Yesterday, 60 Minutes did a segment (see that segment HERE) on the military effort to retake Tal Afar, Iraq. President Bush is calling the operation in Tal Afar as a model (White House press release)for how Iraqis can retake towns from Al Qaida. The story of Tal Afar is quite interesting in that it was a major transit point for aspiring jihadis to enter Iraq via Syria and join up with Al Qaida in Iraq. There were several military operations in Western Iraq up to and shortly after the September 2005 Tal Afar operation, but I have not read one report of a major military excursion in Western Iraq since Tal Afar was ridded of Al Qaida and the Iraqi military was moved into secure and hold the city.

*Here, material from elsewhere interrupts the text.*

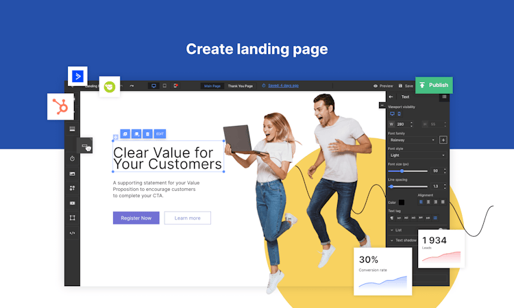 Landingi is a landing page program with key features that include a form builder, customizable templates, and more.

The fine line that is waged among political circles on whether or not the war in Iraq is noble or a disaster seems to hinge on the great unknown. Are Iraqi soldiers being trained? Are the Iraqis insistent on ridding their land from Al Qaida? Does the U.S. military plan have an escape clause? Is the nation in a state of civil war? And one question I heard over the weekend on local radio, is living under Al Qaida really that bad?
We have an answer of the last question that is finite. Colonel H.R. McMaster describes the scene in Tal Afar prior to the operation in the 60 Minutes segment.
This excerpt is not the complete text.